Как поэт, граф Сарри следовал по пути, уже проложенному Уайеттом: сочинял сонеты, терцины и куртуазные стихи в старинном духе. Но он отнюдь не был лишь тенью старшего поэта, которым искренне восхищался. Именно Сарри ввел разные рифмы в первом и втором терцете сонета (у Уайетта рифма была четверная), создав тем самым канон английского сонета: три отдельных строфы плюс двустишие. Он также ввел в употребление белый пятистопный ямб (в переводе «Энеиды» Вергилия) – ключевой размер английской поэзии, на котором написаны не только все пьесы Шекспира и его современников, но и поэмы Мильтона, Вордсворта, Браунинга и многих других. Известно, что сонеты Сарри ценились потомками выше уайеттовских, ибо были глаже по языку и мелодичнее; впоследствии за эту же гладкость их ставили ниже… Но дело совершенно не в этих играх и перестановках. Несомненно, что Сарри более петраркианский поэт, чем Уайетт, и менее отрефлексированный: может быть, причиной тому его пылкий темперамент. Некоторые стихи удивляют своей смелой и точной траекторией. Рассмотрим один сонет, написанный в виндзорском заточении.

Весна в Виндзоре

Устало подбородком опершись
На руку, а рукой – на край стены,
Тоскуя, поглядел я с башни вниз –
И удивился зрелищу весны,
Вновь разодевшей в пух цветущий луг,
Вновь разбудившей птах в тени дубрав;
И так нежданно вспомнилась мне вдруг
Веселая пора любви, забав,
Нестрашных бед и сладостных тревог,
Всего, чего вернуть не станет сил,
что шумных вздохов я сдержать не смог
И жаркими слезами оросил
Дол, зеленевший юною травой, –
И чуть не спрыгнул сам вниз головой.

Стихотворение явно построено по кинематографическому принципу. «Устало подбородком опершись /На руку…» – крупный план, показано даже не все лицо, а только щека, подбородок, легший на ладонь. «… а рукой – на край стены» – камера съезжает немного вниз, давая контраст живой руки и грубого камня крепостных стен. «Тоскуя, поглядел я с башни вниз –» – камера скользит по стене и вдруг (на поставленном тире) отрывается и дает широкую панораму, насыщенную голубым и зеленым: «И удивился зрелищу весны…»

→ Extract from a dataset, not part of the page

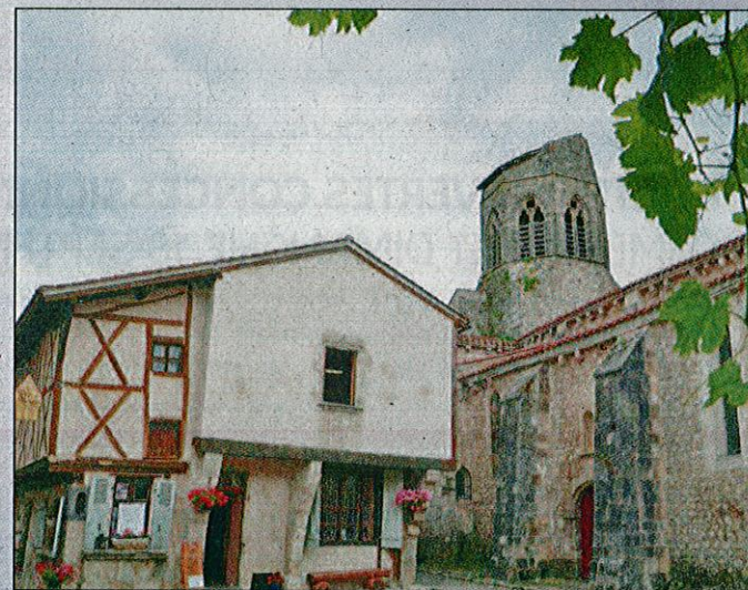
La boutique Bois et Bougies est située au cœur de Charroux.

- Chic'LM : 17, rue Sainte-Cécile, 03200 Vichy. Tél. : 04 70 98 87 09.

«Вновь разодевшей в пух цветущий луг, / Вновь разбудившей птах в тени дубрав…» Камера начинает перемещаться большими плавными взмахами – сначала луг, одетый пухом цветения, потом лес (фонограмма – пенье птиц)… и тут, на входе в зеленое облако леса, взгляд внезапно расфокусируется, и следует наплыв:

И так нежданно вспомнилась мне вдруг
Веселая пора любви, забав, –

Здесь поэт (сценарист) дает общие слова, за которыми читатель (режиссер) сам может угадать лица, сцены и воспоминания, просвечивающие сквозь зеленое марево листвы.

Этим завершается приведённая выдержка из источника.